How to find the following limit algebraically?

Question

I've been trying to answer this for a while and I know it's a simple question relative to most questions that are posted here.

$$ \lim_{x\rightarrow -2}\: \frac{x^4+5x^3+6x^2}{x^2(x+1)-4(x+1)} $$

If we substitute -2 for $ x $ we get $ 0/0 $, an indeterminate form. I figured that the denominator can be rewritten as $ (x^2-4)(x+1) $. And then I tried to factor something in the numerator but couldn't see anything interesting. How do I find the limit algebraically?

I know that the answer is supposed to be 1, but I don't know how they got there.

Thanks in advance!

Answer 1

General tip (update) : When you can see that the denominator is equal to zero for a value $x=a$ which is the $x\to a$ of the limit, then you should try factoring on both the numerator and the denominator the factor $(x-a)$, such as you can get rid of the $\frac{0}{0}$ issue. This particular example though can also be done by following a row factorization.

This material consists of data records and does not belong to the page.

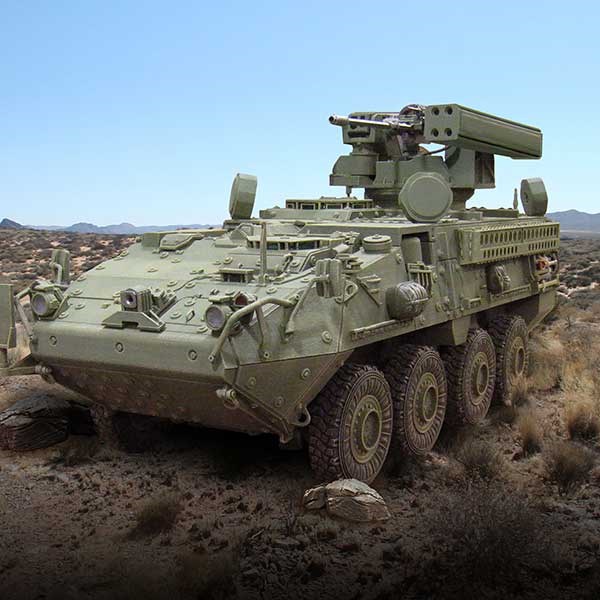 2018年9月,萊昂納多LEONARDO DRS獲得美國陸軍合約,提供五台原型任務設備包 (Mission Equipment Packages,MEP),武裝以XM914E1(30mm)機砲、M240(7.62mm)同軸機槍、刺針和地獄火飛彈,以提供對地對空的保護及攻擊能力,同時還可以遠距離摧毀各式無人機的威脅,目前原型車已經全部交付並且佈署到歐洲驗證。M-SHORAD雷達及紅外線感測器是採用RADA North America的多領域雷達Multi-mission Hemispheric Radar (MHR),能同時偵測和跟踪多種威脅。四個MHR面板如同小型神盾般提供連續的360度空中監視。此外,萊昂納多LEONARDO DRS整合了敵我識別 (IFF) 和前沿區域防空指揮與控制(FAAD C2)網絡。 M-SHORAD的方案提供了必要的機動性、火力和保護力,提供完全集成的偵測、識別、跟踪和擊敗能力。安裝的解決方案包括動能擊敗“硬殺傷”和電子戰“軟殺傷”能力。以便在小單位戰術級別的旅戰鬥隊 (BCT) 內移動和機動。由於車輛的機動性和殺傷力,這些能力也可用於保護大型設施和關鍵基礎設施。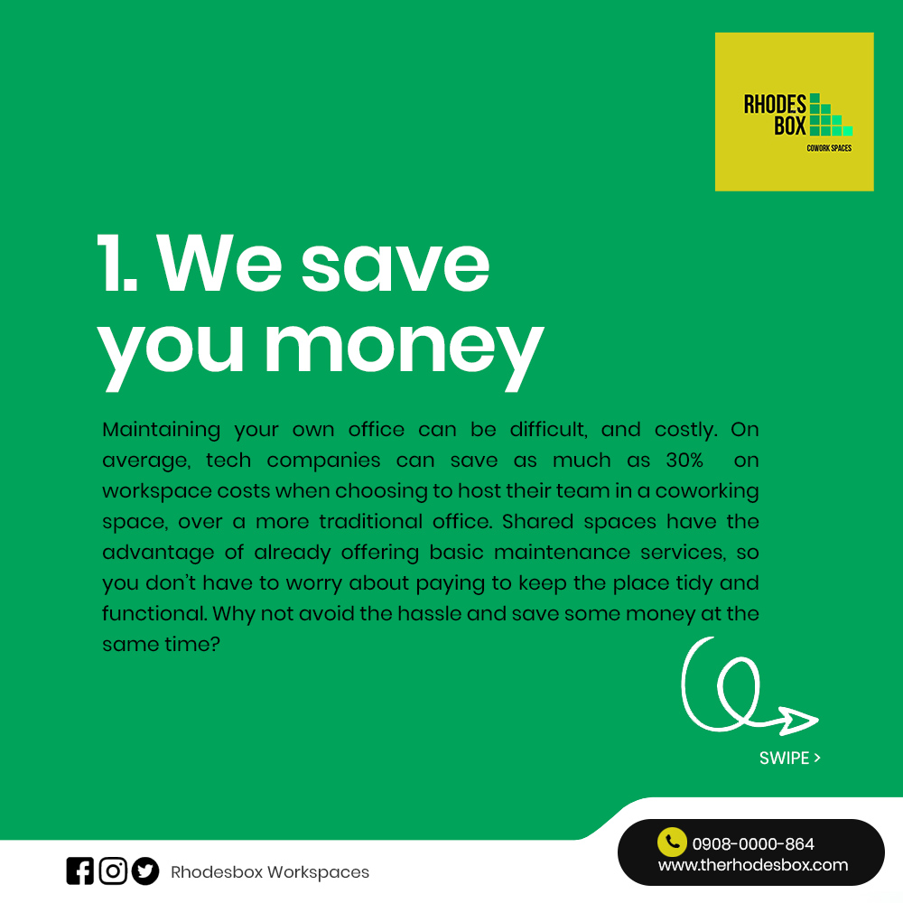 - Access to conference room equipped for video conferencing and projector use at a discount rate.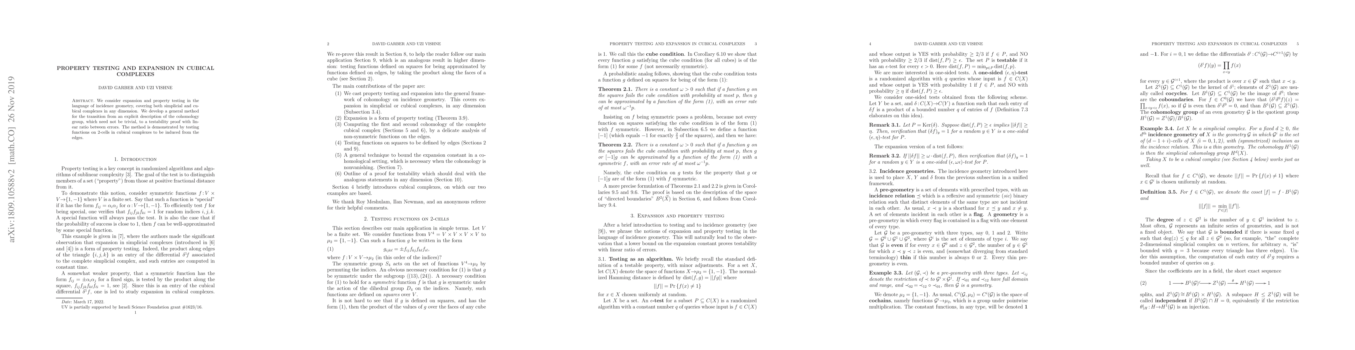 This paper develops a method for testing properties and expansion in cubical complexes by relating an explicit description of cohomology to testability, demonstrating its application in testing functions on 2-cells in cubical complexes to ensure they are induced from edges, with linear error ratios.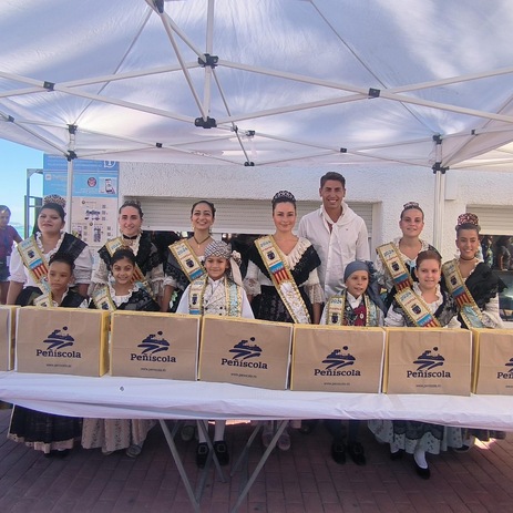 La Reina de las Fiestas Araceli Bayarri, y su Corte de Honor, han repartido esta mañana los típicos "pastissets" (más de 2000) y moscatel (10 litros), para agasajar a sus turistas, dentro de la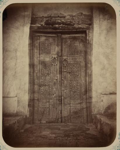 | Keywords: Syr-Darya Oblast. City of Turkestan. External Door Leading to the Mausoleum of Saint Sultan Akhmed Iassavi WDL3599.png Artwork ru Богаевский иколай Владими ович 1843 1912 гг fr Bogaevskii Nikolaï V 1843-1912 en Bogaevskii Nikolai V 1843-1912 zh 亚历山大·L· ,1840-1888 年 pt Bogaevskii Nikolai V 1843-1912 ar بوغافسكي، نيكولاي ف ، 1843-1912 es Bogaevskii Nikolai V 1843-1912 ru Сы да ьинская область Го од Ту кестан а ужная две ь ведущая в мавзолей святого султана Ахмеда Ясави fr Oblast de Syr-Darya Ville de Turkestan Porte extérieure menant vers le mausolée du vénérable sultan Akhmed Iassavi en Syr-Darya Oblast City of Turkestan External Door Leading to the Mausoleum of Saint Sultan Akhmed Iassavi zh 锡尔河 区 其斯 市 向 苏尔 ·艾哈迈德·亚萨维陵墓的外门 pt Oblast de Sir Dária Cidade do Turquestão Porta externa que leva ao mausoléu do santo sultão Ahmed Iassavi ar منطقة سير داريا مدينة تُرْكِستان باب خارجي يؤدِّي إلى ضريح الولي سلطان أحمد يسوي ru Эта фотог афия мавзолея Ходжи Ахмеда Ясави в Яси сов еменный Ту кестан Казахстан соде жится в а хеологической части <em> Ту кестанского альбома </em> Шеститомное фотог афическое исследование было подготовлено и издано в 1871 1872 гг под пат онажем гене ала Константина П фон Кауфмана пе вого гене ал-губе нато а 1867 1882 гг Ту кестана как называли в то в емя те ито ию Цент альной Азии п инадлежавшую Российской импе ии Яси ассоции уется с суфийским мистиком Ходжой Ахмедом Ясави 1103 1066 гг великая слава кото ого побудила Тиму а Таме лана пост оить мемо иальную г обницу <em>ханаку</em> на месте его захо онения авзолею пост оенному в 1396 1398 гг п исущи ха акте ные че ты тиму идской а хитекту ы в то в емя пе еживавшей свой асцвет в Сама канде а снимке видна на ужная две ь асположенная в нише по тала ог омной а ки <em>айвана</em> сводчатого зала с одним отк ытым концом ок уженного с т ех сто он стенами есмот я на пов еждения на двух ство ках две и хо ошо сох анились де евянные панели с оскошной езьбой Цент альные панели больше д угих и имеют самое изысканное офо мление состоящее из пе еплетающихся цветочных а абесок и изоб ажений лотосов ижние панели имеют ок углую фо му Они соде жат сложный узо из восьмиконечных звезд асходящихся из цент а В ве хних панелях соде жатся геомет ические мотивы с укописным а абским письмом Панели окаймлены полосками из сложных пе есекающихся геомет ических фигу По азительное масте ство офо мления две и наводит на мысли о айских в атах <br>Две и и две ные п оемы; Исламская а хитекту а; Ясави Ахмед уме в 1166 г ; Фотог афические исследования; огильные памятники; Г обницы fr Cette photographie du mausolée de Khodzha Akhmed Iassavi à Yasi au Turkestan actuel Kazakhstan est extraite de l'ouvrage archéologique <em>Album du Turkestan</em> Cet inventaire photographique en six volumes fut réalisé entre 1871 et 1872 sous le patronage du général Konstantin P von Kaufman premier gouverneur général 1867-1882 du Turkestan nom donné aux territoires d'Asie centrale de l'Empire russe La ville de Yasi est associée au mystique soufi Khodzha Akhmed Iassavi 1103-1166 dont la renommée était telle que Tamerlan fit construire un sanctuaire commémoratif <em>khanaka</em> sur le site de sa tombe Bâti de 1396 à 1398 le mausolée présente les caractéristiques de l'architecture timuride en pleine apogée à Samarcande à cette époque Cette vue présente la porte extérieure du mausolée à l'intérieur de la niche du portail du grand arceau de l'<em>aivan</em> salle voûtée dotée de trois murs et d'un côté ouvert Malgré les dommages visibles les panneaux de lambris en bois des deux battants de la porte sont encore décorés de sculptures luxuriantes bien conservées Au centre les panneaux les plus grands arborent les ornements les plus sophistiqués composés d'arabesques à fleurs entrelacées de figures de lotus Les panneaux inférieurs présentent des décorations circulaires avec des motifs complexes d'étoiles à huit branches qui s'étendent depuis le centre Les panneaux supérieurs contiennent des motifs géométriques avec une écriture cursive arabe Les panneaux sont encadrés de bandes de figures géométriques complexes qui s'entrecroisent La qualité artistique remarquable de la porte suggère l'entrée du paradis <br>Portes et seuils; Architecture islamique; I͡Asavi Akhmed mort en 1166; Inventaires photographiques; Monuments funéraires; Tombes en This photograph of the mausoleum of Khodzha Akhmed Iassavi in Yasi present-day Turkestan Kazakhstan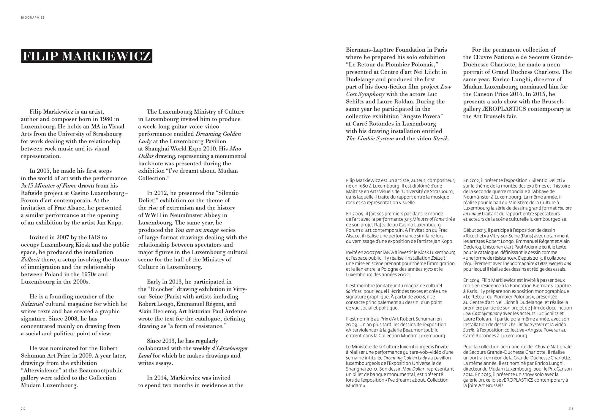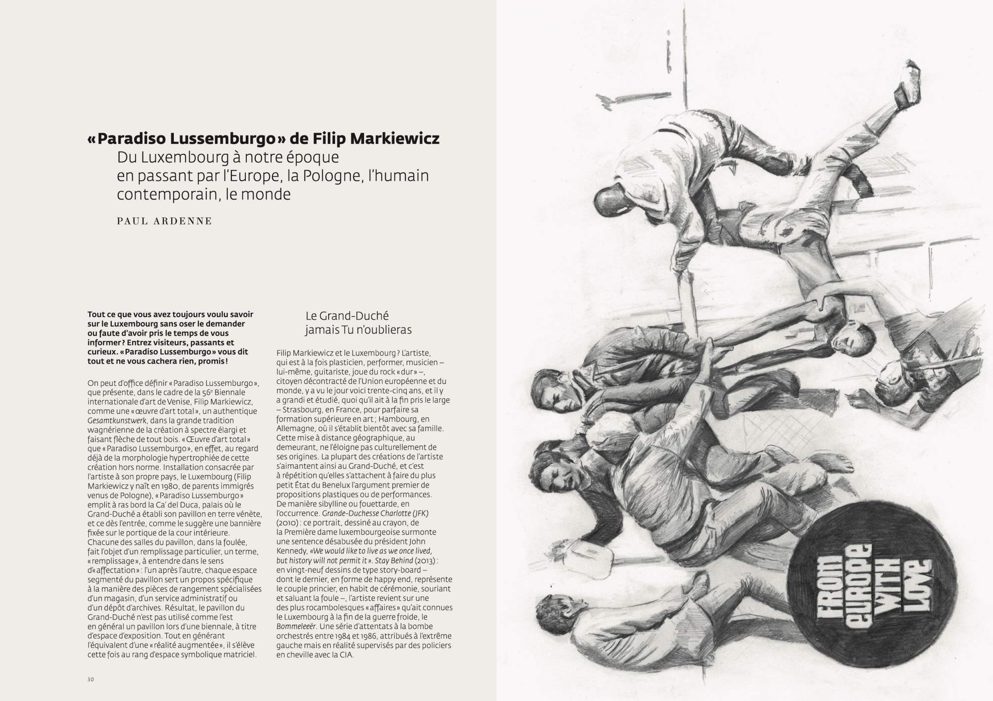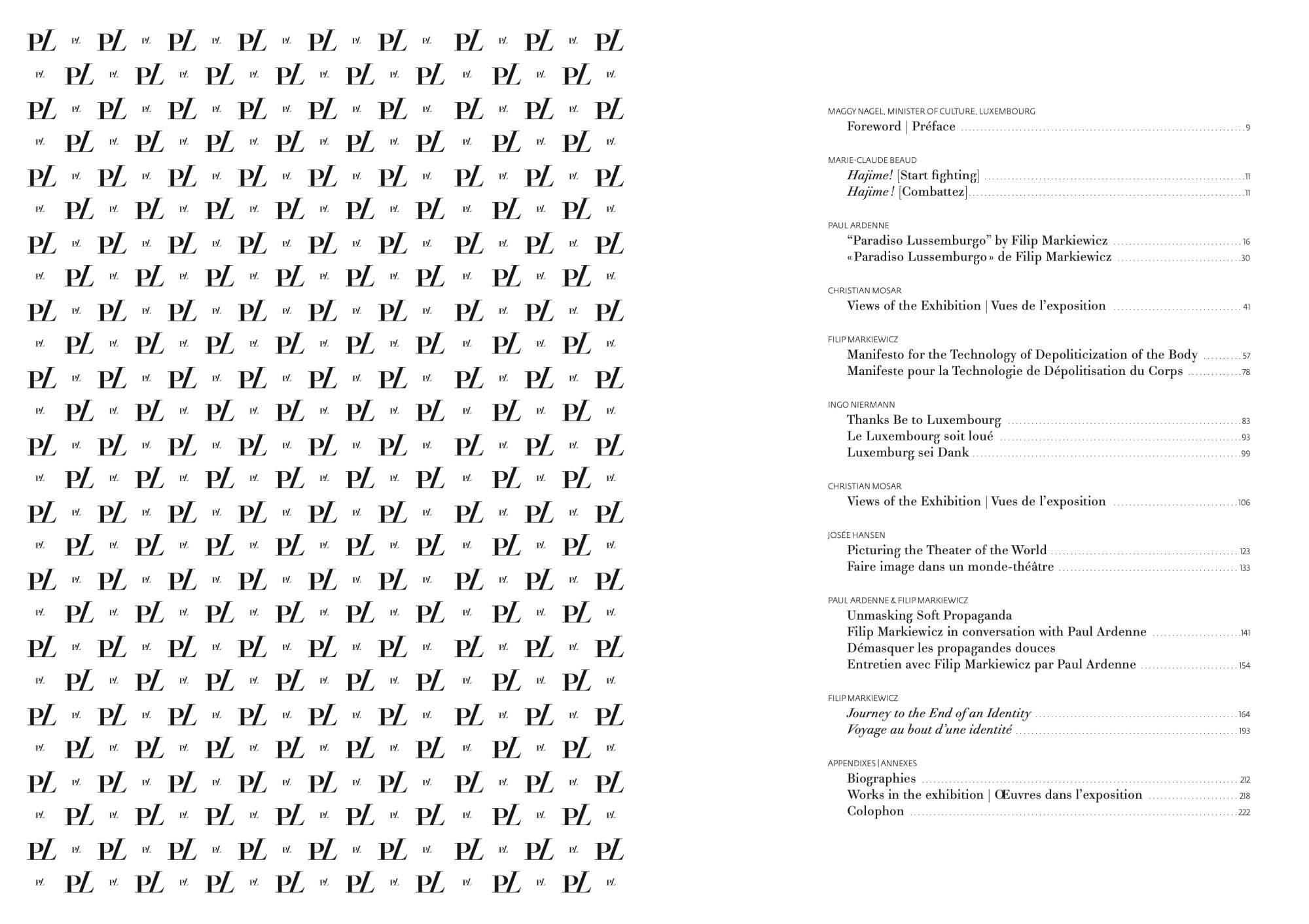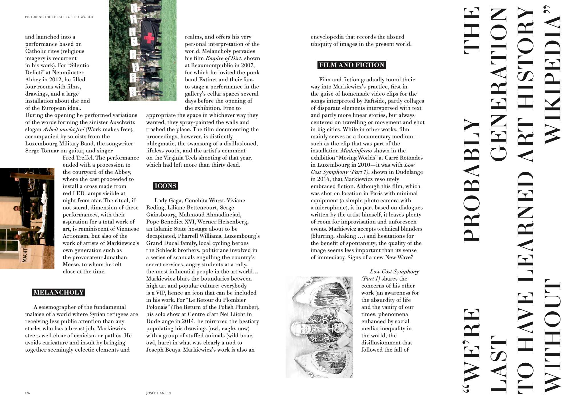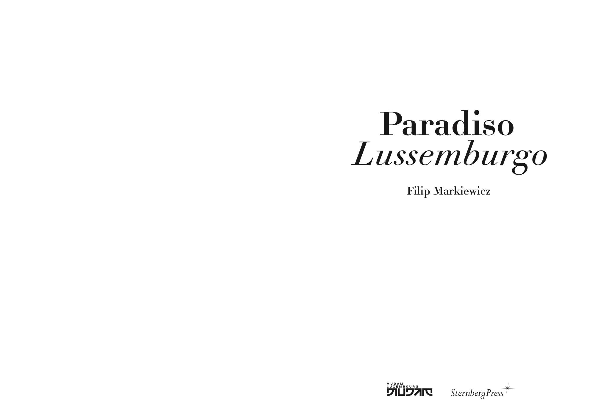 This reader continues, in the words of the artist, this “new contemporary mythology of Luxembourg,” with a bilingual layering of drawings, text and analysis, exhibition views, an interview, and a film script. Paradiso Lussemburgo, a project proposed by Markiewicz and curator Paul Ardenne, creates an active theater, which the reader continues and further opens for participation.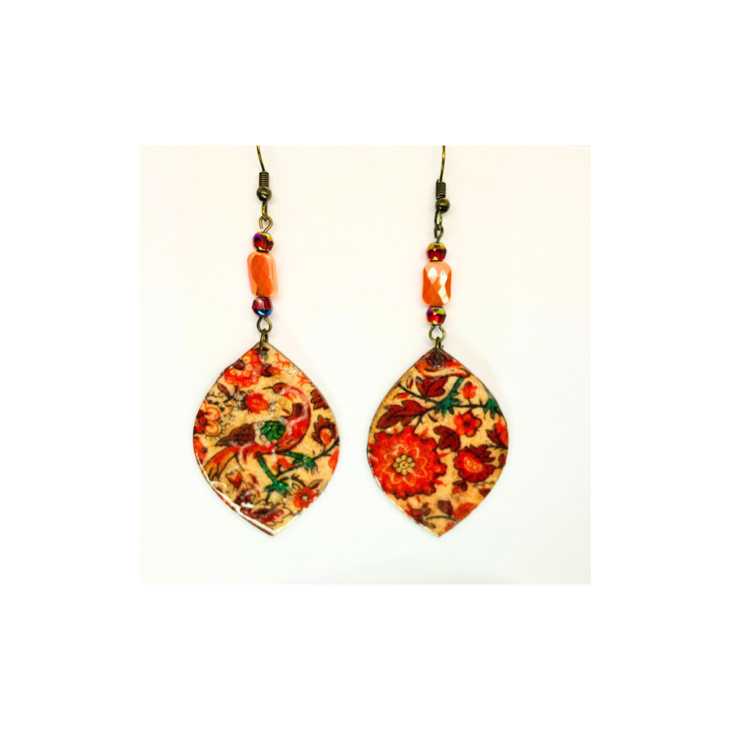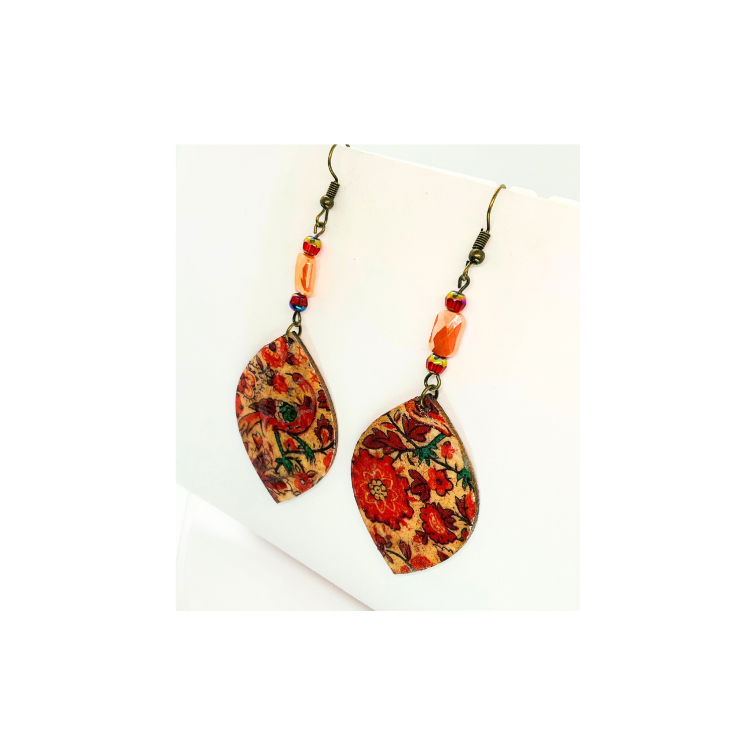 • Boho Elegance: These dangle earrings feature a floral style design, adorned with Czech beads. The napkin transfer adds a unique touch. Each set includes a bronze ear wire for secure wear.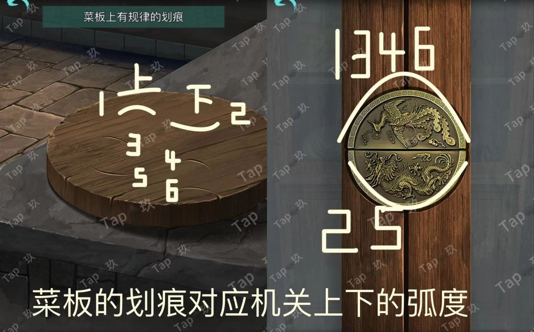 5-点击菜板拾取【菜刀】并观察菜板上的划痕
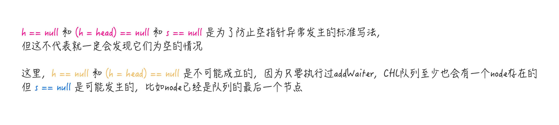 // 这里后继节点为空意思是只剩下当前头节点了,另外这里的 s == null 也是判断空指针的标准写法

Factor the expression at the numerator by taking out $x^2$ and then forming a quadratic factorization inside, as :

$$x^4+5x^3+6x^2 = x^2(x^2+5x+6) =x^2(x^2+2x+3x+6) = x^2(x+2)(x+3)$$

Then, the given limit is :

$$\lim_{x\rightarrow -2} \frac{x^4+5x^3+6x^2}{x^2(x+1)-4(x+1)} = \lim_{x\to -2} \frac{x^2(x^2 + 5x + 6)}{(x^2-4)(x+1)} = \lim_{x \to -2} \frac{x^2(x+3)(x+2)}{(x-2)(x+2)(x+1)} $$

$$=$$

$$\lim_{x\to -2} \frac{x^2(x+3)}{(x-2)(x+1)} = 1$$

Answer 2

HINT: $x^4+5x^3+6x^2 = x^2(x^2+5x+6) =x^2(x^2+2x+3x+6) = x^2(x+2)(x+3)$

Answer 3

Write $$\frac{x^4+5x^3+6x^2}{(x^2-4)(x+1)}=\frac{x^2(x+3)(x+2)}{(x-2)(x+2)(x+1)}.$$

Answer 4

Notice that: $$x^4+5x^3+6x^2 = x^2(x^2+5x+6) = x^2(x+2)(x+3)$$ and $$x^2(x+1)-4(x+1) = (x^2-4)(x+1) = (x+2)(x-2)(x+1).$$

Then, you have:

$$\lim_{x\rightarrow -2}\: \frac{x^2(x+2)(x+3)}{(x+2)(x-2)(x+1)} = \\ = \lim_{x\rightarrow -2}\: \frac{x^2(x+3)}{(x-2)(x+1)} = \\ = \frac{(-2)^2(-2+3)}{(-2-2)(-2+1)} = \frac{4}{4} = 1.$$

Answer 5

Let $x+2=h\iff x=h-2$

$$\lim_{h\to0}\dfrac{(h-2)^4+5(h-2)^3+6(h-2)^2}{(h-2)^3+(h-2)^2-4(h-2)-4}$$

$$=\lim_{h\to0}(h-2)^2\cdot\lim_{h\to0}\dfrac{(h-2)^2+5(h-2)+6}{h^3-5h^2+h(12-4-4)}$$

$$=(0-2)^2\cdot\lim_{h\to0}\dfrac{h(1+h)}{h(h^2-5h+4)}=?$$

Answer 6

What, nobody used L'Hôpital's rule yet? Couldn't resist:

$$\lim_{x\rightarrow -2}\: \frac{x^4+5x^3+6x^2}{x^2(x+1)-4(x+1)} = \lim_{x\rightarrow -2}\: \frac{4x^3+15x^2+12x}{3x^2+2x-4} = \frac{4}{4}$$

Answer 7

The fact the numerator becomes zero after plugging in $x = -2$ means that $(x + 2)$ is a factor of the numerator; that is the "interesting" thing you can factor out. You can factor it out of the denominator for the same reason.

Doing so gives

$$ \lim_{x\rightarrow -2}\: \frac{x^4+5x^3+6x^2}{x^2(x+1)-4(x+1)} = \lim_{x\rightarrow -2}\: \frac{(x+2)(x^3 + 3x^2)}{(x+2)(x^2 - x - 2)} = \lim_{x\rightarrow -2}\: \frac{x^3 + 3x^2}{x^2 - x - 2} $$

and this limit can be found by plugging in $x = -2$.